Aurora constituait le maillon manquant dans ma découverte de cette nouvelle vague roumaine émergée il y a une petite dizaine d’année avec notamment 12h08 à l’est de Bucarest (Corneliu Porumboiu), La mort de Dante Lazarescu (du même Cristi Puiu, déjà) et 4 mois, 3 semaines et 2 jours (De Cristian Mungiu, palme d’or à Cannes). Un courant qui s’est depuis d’ailleurs quelque peu essoufflé.
A mes yeux, Aurora répond aux sublimes Mardi après noël et Policier adjectif, dans le fond comme dans la forme, même s’il me touche un peu moins, la faute essentiellement à un parti pris plus rêche et plus osé. C’était l’autopsie d’un couple en crise dans l’un, le quotidien d’un homme exerçant son métier dans l’autre, c’est ici l’errance d’un type dont on ne connaît rien, si ce n’est qu’il trimballe, outre une démarche chancelante et un regard d’une noirceur terrible, un fusil de chasse et s’apprête à s’en servir.
C’est un peu le film ultime du courant, son point de rupture comme pouvait l’être Jeanne Dielman dans le cinéma de Chantal Akerman, avant qu’elle ne se jette dans News from home. Aurora c’est donc trois heures de dissection méthodique des actions d’un homme (Joué par le réalisateur lui-même) qui erre dans Bucarest, étudie sa traversée, hésite, se cache, se reprend tout en ayant en tête un objectif bien précis. A moins qu’il ne se soit levé un matin avec ça. Rien n’est précisé. On avance à tâtons à ses côtés. On ne sait d’abord pas pourquoi on le suit lui. Puis on croit qu’il s’en va vers son suicide. Avant de comprendre qu’il est en croisade meurtrière.
On obtiendra peu de réponses ou alors il faudra se les construire.
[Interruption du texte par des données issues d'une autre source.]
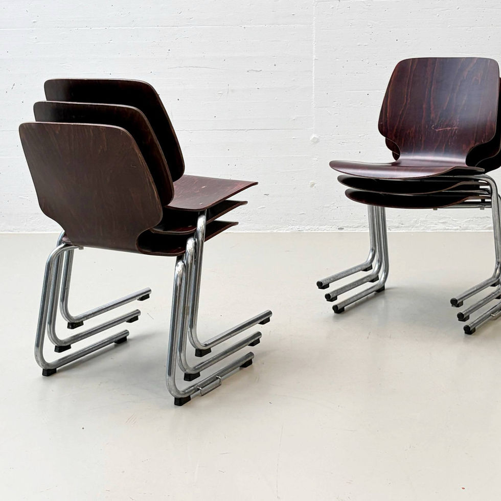 Diese stapelbaren Freischwingerstühle stammen aus den 1970er Jahren und zeigen einen klaren Einfluss des funktionalen Industriedesigns jener Zeit. Die Ausführung erinnert an Modelle von Galvanitas oder Pagholz Flötotto, wie sie für Schulen, Universitäten oder Versammlungsräume gefertigt wurden. Charakteristisch ist die ergonomisch geformte Sitzschale aus formverleimtem Schichtholz mit einer dunklen, fast mahagonifarbenen Beizung.

Cette abolition totale des repères crée une sensation de vertige ahurissante, sitôt que l’on accepte le voyage. J’ai beaucoup pensé à un film de Haneke, 71 fragments d’une chronologie du hasard. C’est une somme de gestes et rien d’autre. Une plongée terrifiante dans un cerveau (qui n’est autre que celui d’une société) malade. Troublant et fort.